**TASK INSTRUCTIONS**
Reproduce only the lines below from the line containing "Hình 5: Thao tác quét barcode chính" to the line containing "ACEITE VEGETAL SMART 900ML", exactly as written, with both end lines kept. Omit the pictures.

**SUPPLIED MATERIAL**
○ ○ ○

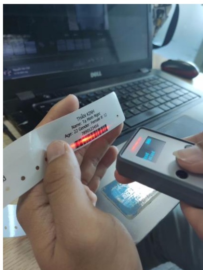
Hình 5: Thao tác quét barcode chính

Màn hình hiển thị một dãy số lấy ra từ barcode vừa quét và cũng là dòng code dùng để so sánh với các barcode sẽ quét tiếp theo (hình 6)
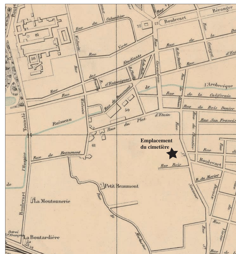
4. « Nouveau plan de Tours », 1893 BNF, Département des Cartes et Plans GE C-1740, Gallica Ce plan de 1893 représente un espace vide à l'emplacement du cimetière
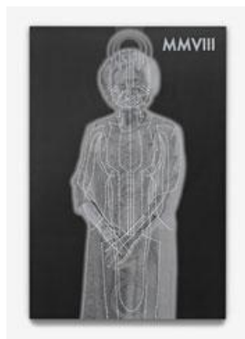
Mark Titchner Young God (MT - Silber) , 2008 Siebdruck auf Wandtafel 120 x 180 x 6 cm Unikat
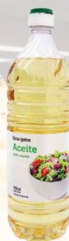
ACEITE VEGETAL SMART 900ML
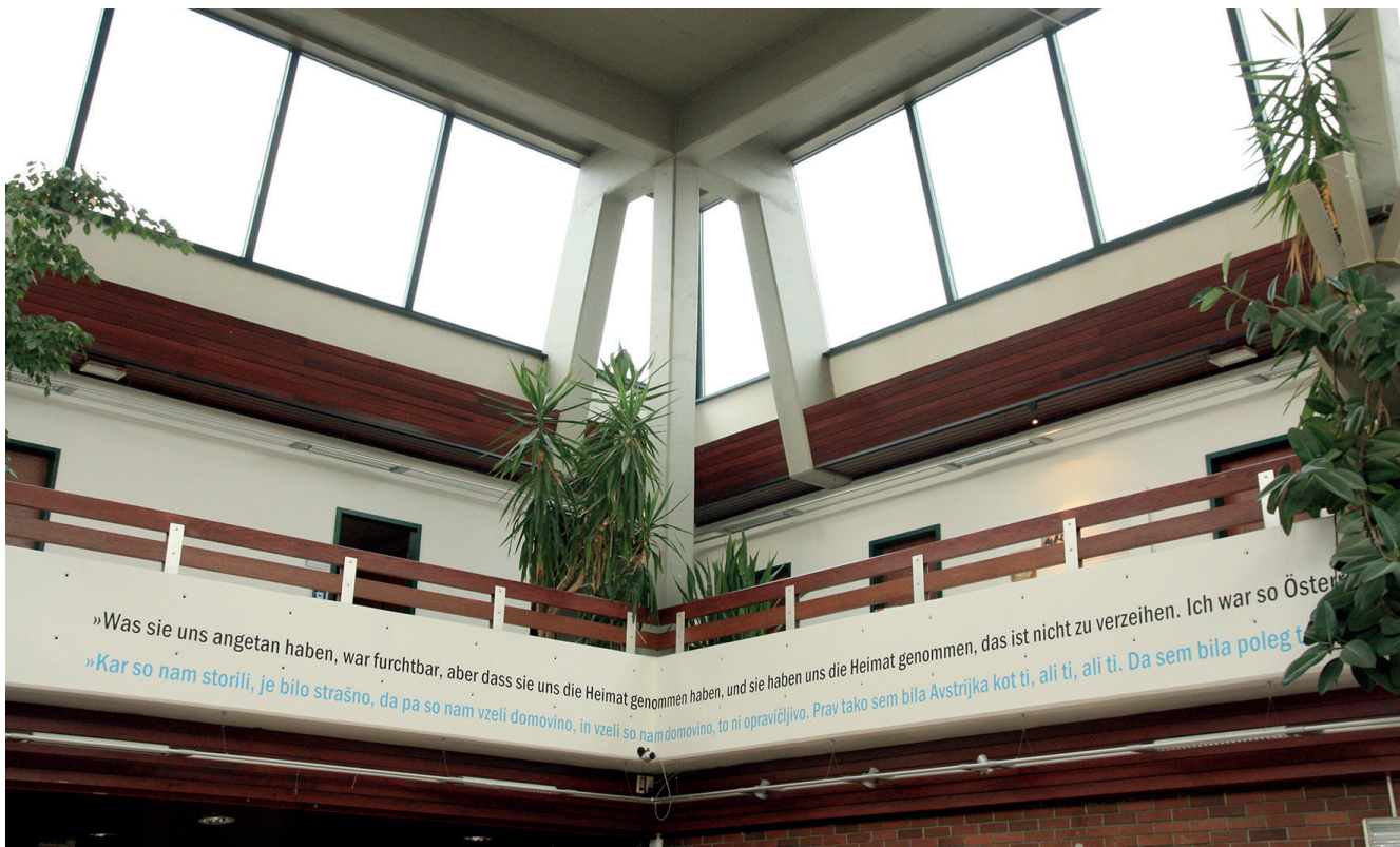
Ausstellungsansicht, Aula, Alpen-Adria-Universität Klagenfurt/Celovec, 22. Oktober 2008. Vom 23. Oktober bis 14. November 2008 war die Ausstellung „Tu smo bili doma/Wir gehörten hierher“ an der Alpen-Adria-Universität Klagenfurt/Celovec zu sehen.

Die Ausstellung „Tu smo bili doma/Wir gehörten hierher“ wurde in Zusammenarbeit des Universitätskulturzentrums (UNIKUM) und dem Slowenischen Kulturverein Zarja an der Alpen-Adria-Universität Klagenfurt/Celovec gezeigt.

○ ○ ○

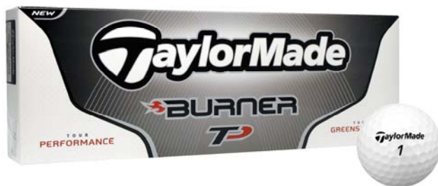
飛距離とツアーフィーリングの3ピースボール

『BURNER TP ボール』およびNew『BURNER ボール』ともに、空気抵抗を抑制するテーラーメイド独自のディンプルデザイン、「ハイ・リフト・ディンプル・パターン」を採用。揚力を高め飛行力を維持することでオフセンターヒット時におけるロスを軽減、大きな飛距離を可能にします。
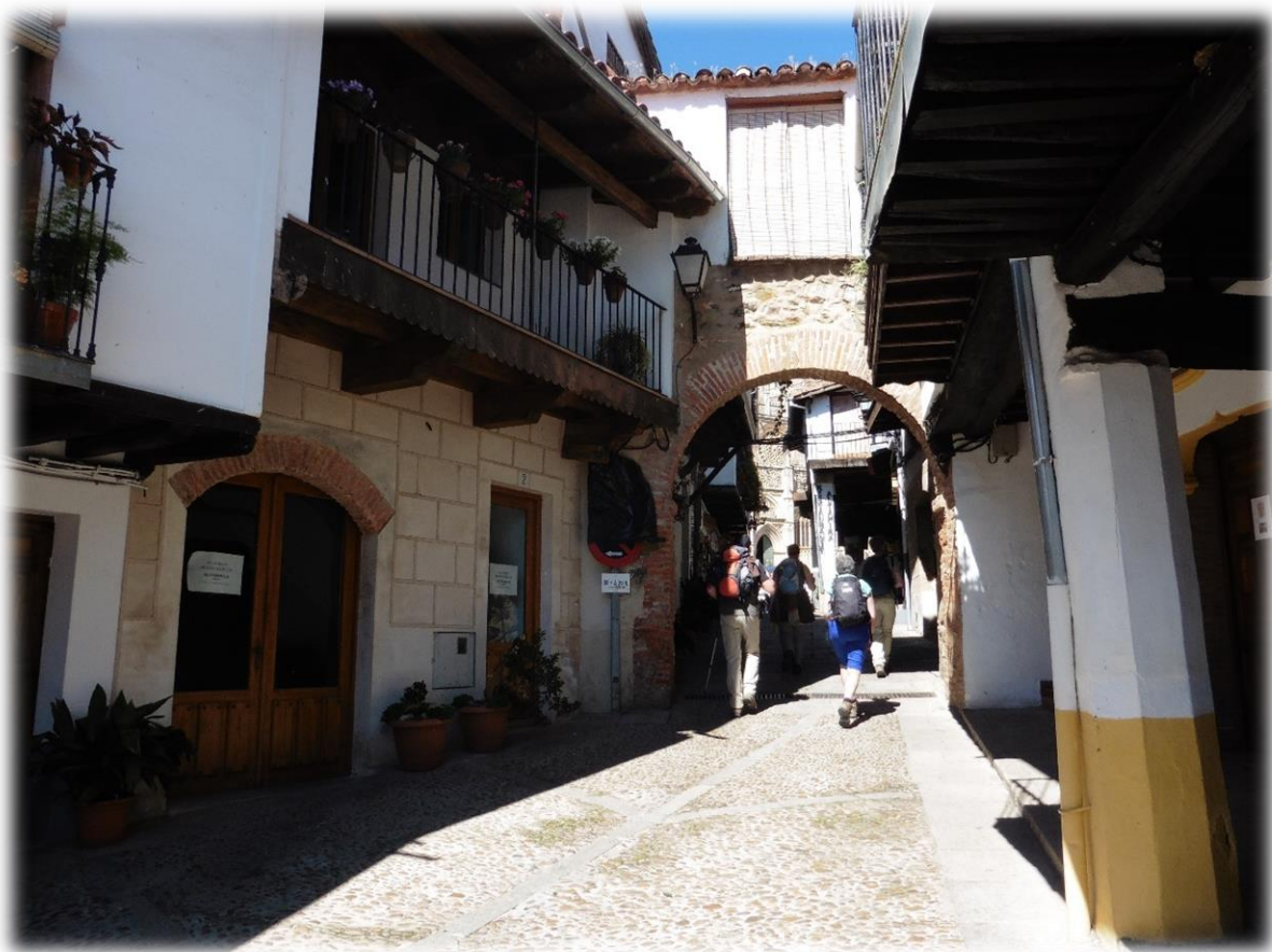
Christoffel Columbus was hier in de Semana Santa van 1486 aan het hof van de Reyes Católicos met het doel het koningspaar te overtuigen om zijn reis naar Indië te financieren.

○ ○ ○

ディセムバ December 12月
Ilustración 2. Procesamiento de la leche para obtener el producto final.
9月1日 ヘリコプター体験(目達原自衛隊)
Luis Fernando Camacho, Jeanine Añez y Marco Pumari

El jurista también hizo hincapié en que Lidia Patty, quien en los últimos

○ ○ ○

**FINISHED EXERCISE**
Hình 5: Thao tác quét barcode chính

Màn hình hiển thị một dãy số lấy ra từ barcode vừa quét và cũng là dòng code dùng để so sánh với các barcode sẽ quét tiếp theo (hình 6)
4. « Nouveau plan de Tours », 1893 BNF, Département des Cartes et Plans GE C-1740, Gallica Ce plan de 1893 représente un espace vide à l'emplacement du cimetière
Mark Titchner Young God (MT - Silber) , 2008 Siebdruck auf Wandtafel 120 x 180 x 6 cm Unikat
ACEITE VEGETAL SMART 900ML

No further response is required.